I divided the dataset into two samples, entries per hour when it is raining vs when it is not raining and then perform inferential statistic on them.

1.1 Statistical test

Statistical test

I perform Mann-Whitney U test on the two samples.

One-tail vs Two-tail

I am performing a two-tail P value.

Hypothesis

The null hypothesis is:

The distributions of both groups are identical, so that there is a 50% probability that an observation from a value randomly selected from one population exceeds an observation randomly selected from the other population.

P(x > y) = 0.5

Alternative hypothesis:

The distributions of both groups are not identical, the probability that an observation from a value randomly selected from one population exceeds an observation randomly selected from the other population is not 50%.

P(x > y) != 0.5

Critical value

I use 0.05 as p-critical value.

1.2 Reasoning

I am using this test because the samples is non-normal. Generally, we use Mann-Whitney U test, if it follows several assumptions:

The dependent variable is ordinal or continous
The independent variable (with rain, without rain) is 2 categorical data
There is no relationship between the observations in each group or between the groups themselves
The two variables are not normaly distributed

1.3 Result

Calculating the Mann-Whitney U test I got:

U value of 1924409167.0 and p-value of 0.049999825587

Some descriptive statistics regarding our two samples.

       With rain summary  Without rain summary
count       44104.000000          87847.000000
mean         1105.446377           1090.278780
std          2370.527674           2320.004938
min             0.000000              0.000000
25%            41.000000             38.000000
50%           282.000000            278.000000
75%          1103.250000           1111.000000
max         51839.000000          43199.000000

1.4 Intrepretation

Since the p-value is < 0.05, we conclude, the Mann-Whitney test indicates that the ridership is significantly different for when it is raining than when it is not raining, U = 1924409167.0, p = 0.049999825587.

2. Linear regression

2.1 Approach

To compute the coefficients theta and produce prediction for ENTRIESn_hourly in the regression model I choose to use OLS using Statsmodels.

2.2 Features

I use the following features:

rain, precipi, meantempi, fog, meanwindspi, Hour

In addition to this, I have added dummy variables 'UNIT' for the features.

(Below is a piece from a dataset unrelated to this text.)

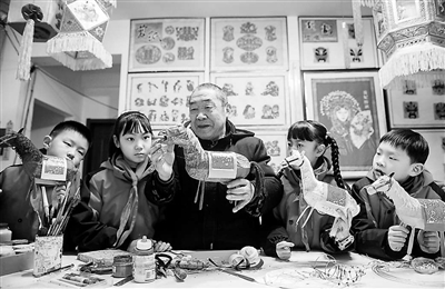 安徽省馬鞍山市含山縣市級(jí)非遺傳承人在教學(xué)生制作生肖馬燈。歐宗濤 攝

2.3 Reasoning behind features selection

I am interested in several features and I choose to play around with combination of several of the following features:

rain : I think people will decide to ride the subway if it is raining
precipi : same with the above, it includes snow, drizzle, hail, etc.
meantempi : I think people will ride the subway more if it is cold
fog : I think people will ride the subway more if it is fogging, it is probably not fun to drive
meanwindspi: If it is windy, people who use bike or walk might opt to take subway
Hour : People tend to ride subway on certain hour, for example to get to or back from work.

Using Python itertool.combination module I generate list of all possible combination from the above feature list (e.g. ['rain'], ['rain', 'precipi'], ['rain', 'fog'] , ['rain', 'fog', 'Hour'], ['rain', 'fog', 'Hour', 'precipi'] and so on). In total there are 63 combinations.

I compute the predictions and the R^2 value for each combination and use the combination with the best R^2 value (R^2 must at least be 0.40).

In the end I got rain, precipi, meantempi, fog, meanwindspi, Hour as the features with the best R^2.

2.4 Parameters

The coefficients for the model is:

Intercept: 1081.87869019
Non-dummy Parameters:
- rain: -32.26725174
- meantempi: -5.9122
- fog: 120.27580878
- meandwindspdi: 26.27992382
- precipi: -22.61805652
- Hour: 67.39739472

2.5 R^2

The R^2 value is 0.458621326664

2.6 Intrepretation

The 'rain' coefficient from our model turns out to be negative. The P value for this coefficient (0.011) is greater than 0.05, which indicates that is not statistically significant. The 'precipi' coefficient also has a P value that is greater then 0.05.

To check if the R^2 is fit for the regresion model. I also do some analysis on the residual. First I plot the residuals histogram as follow:

The histogram has long tails, which suggests that there are some very large residuals. To make sure I plot normal probably plot.

The plot confirms that we have long tails problem which means we are seeing more variance than we would expect in a normal distribution.

In fact if we simply plot the residual values we got:

It shows that there are some non-linearity in the data. And this should be addressed by designing a non linear model.

In conclusion, we achieve a R^2 value that we set (> 0.40), but on further inspection we find out that the linear model is not appropriate to predict ridership.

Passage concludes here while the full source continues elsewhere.